F.3. DPs that have been
initiated and progress made in each of them.
See the paragraphs DP1,
DP2 and DP3 in Section
B
(Studies and Results), and DP1-3 and Other DPs in Section D.
F.4. Progress toward
developing educational opportunities in biomedical computing.
1. Planning a
cross-campus PhD program in Computational Biology.

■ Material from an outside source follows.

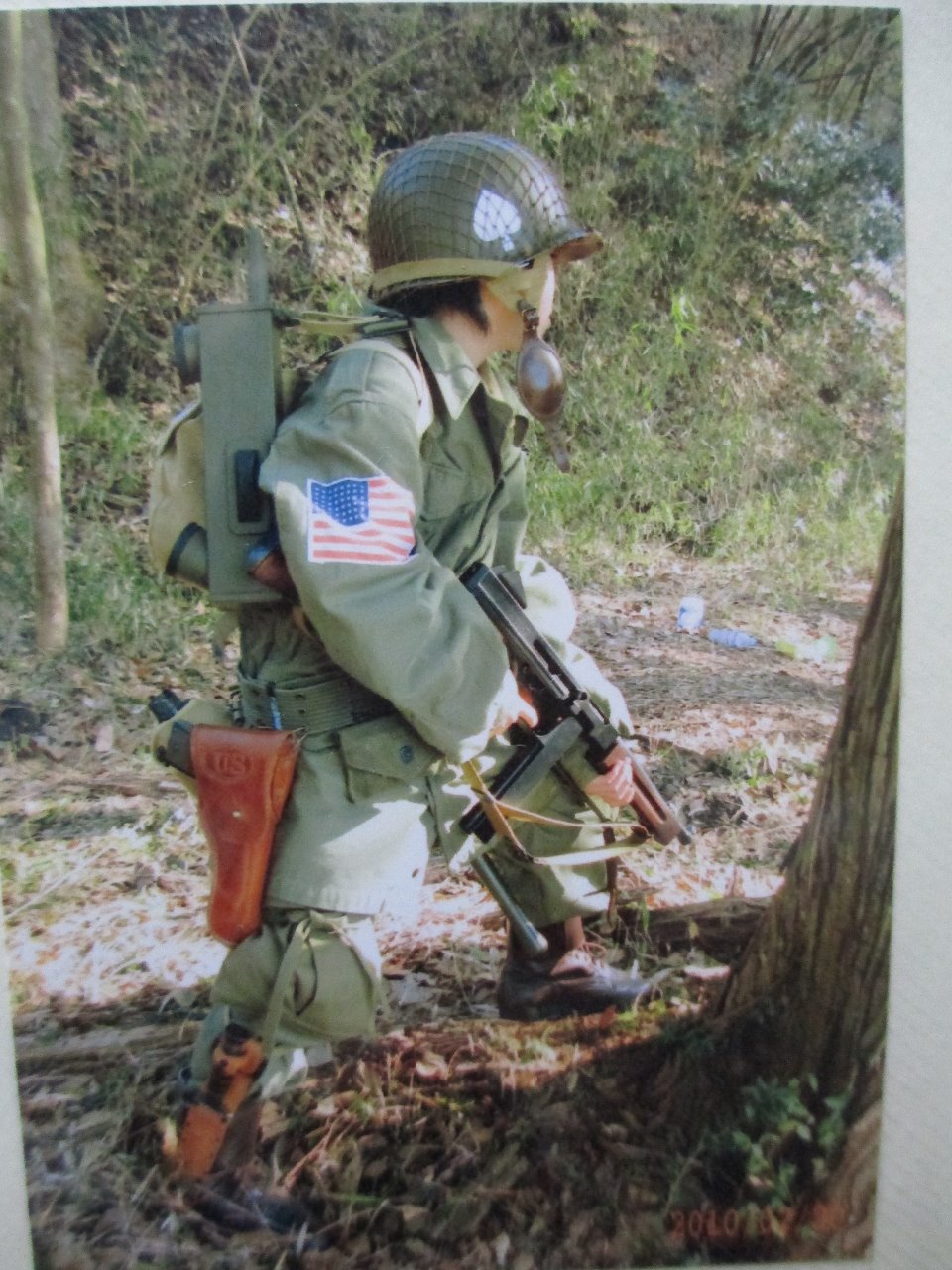 父親のアルバムには高校生のころのWW2の装備をしている父の姿。
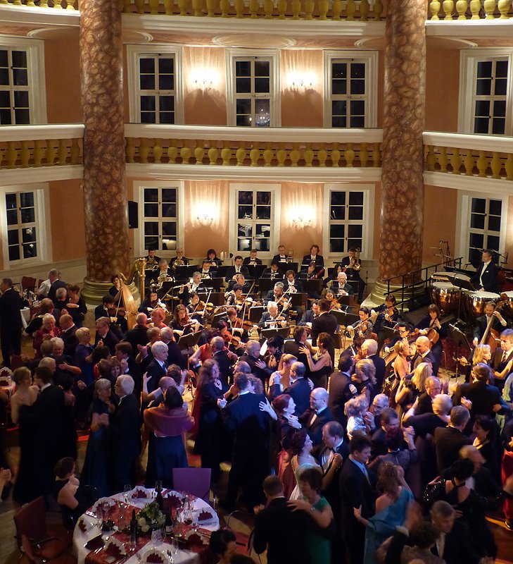 Im Moment ist der Caterer am Disponieren der Getränkemenge: für den Begrüßungsekt lässt sich die Menge leicht berechnen, die Lieferung hierfür ist – neben den anderen Getränken – schon in der Kühlung, etwas schwieriger ist es die benötigte Menge an den kostenfreien alkoholfreien Getränken einzuschätzen. Aber wenn das Programm so mitreißend wird, wie es die heißen Tanzrhythmen des gerade unter der Leitung von Generalmusikdirektor Markus L. Frank probenden Loh-Orchesters versprechen, wird das ein tanzintensiver Abend freut sich Tettenborn.

A cross-campus PhD program
in computational biology is planned between Pitt and CMU with the leadership
of Drs. Bahar (CCBB, SOM, Pitt), Carbonell (Director of Language Techn
Institute, Comp Sci, CMU) and Stiles (PSC/CMU). The vision is to offer a
first-class program that capitalizes on the excellence of CMU in computer
science and on the expertise and strength of Pitt in biomedical sciences.
While the organization and administration of a joint program is a challenging
task, both groups are enthusiastic and encouraged by productive collaboration
already initiated within the scope of the present pre-NPEBC award and an
NSF-ITR grant (PIs: Raj Reddy (CS, CMU) and J. Klein-Seetharaman (SOM, Pitt;
Bahar and Carbonell are co-PIs ). Three major tracts are conceived:
bioinformatics, computational structural/molecular biology and system biology.
2. Biomedical and
Bioinformatics Summer Institute (BBSI). This is an NSF/NIH funded program
that started in Sept 2002, offering a 10-week summer program to undergraduate
(junior and senior) and graduate (1st and 2ndyear)
students interested in computational biology. The major theme of the program
is ‘Multiscale Modeling’ in line with the pre-NPEBC goals, and six PI playing
a key role in the pre-NPEBC (Bahar, Stiles, Coalson, Madura, Ermentrout and
Meirovitch) serve as the course instructors and co-PIs of the program. 20+
Faculty from Pitt, CMU, PSC and Duquesne take part in mentoring the research
activities of the students.
3. Other programs and
courses. A new undergraduate degree-granting program in
Bioinformatics
has been designed with the leadership of Pitt CS and Biology departments,
which is expected to admit students in Fall 2006. A PhD program in Molecular
Biophysics with a strong component in Comp Bio has been approved at Pitt and
CMU, starting in Fall 2004. CMU is currently offering B.S and M.S. programs in
Comp Bio & Chem.
A new graduate course has been designed at Duquesne,
entitled “Simulation and
Visualization”, and another graduate course “Simulation Methods” jointly
taught by Duquesne Chem and CS departments will be offered in Spring 2005.
4. Postdocs and
students are involved in the pre-NPEBC activities, and thus have the
opportunity to directly learn/apply up-to-date concepts and methods in
biomedical computing, and take part in multidisciplinary research activities.
See Appendix IV for the list of postdocs/students who have actively
contributed to the computational and experimental activities of the pre-NPEBC
in the past year, all being funded by ‘other’ sources.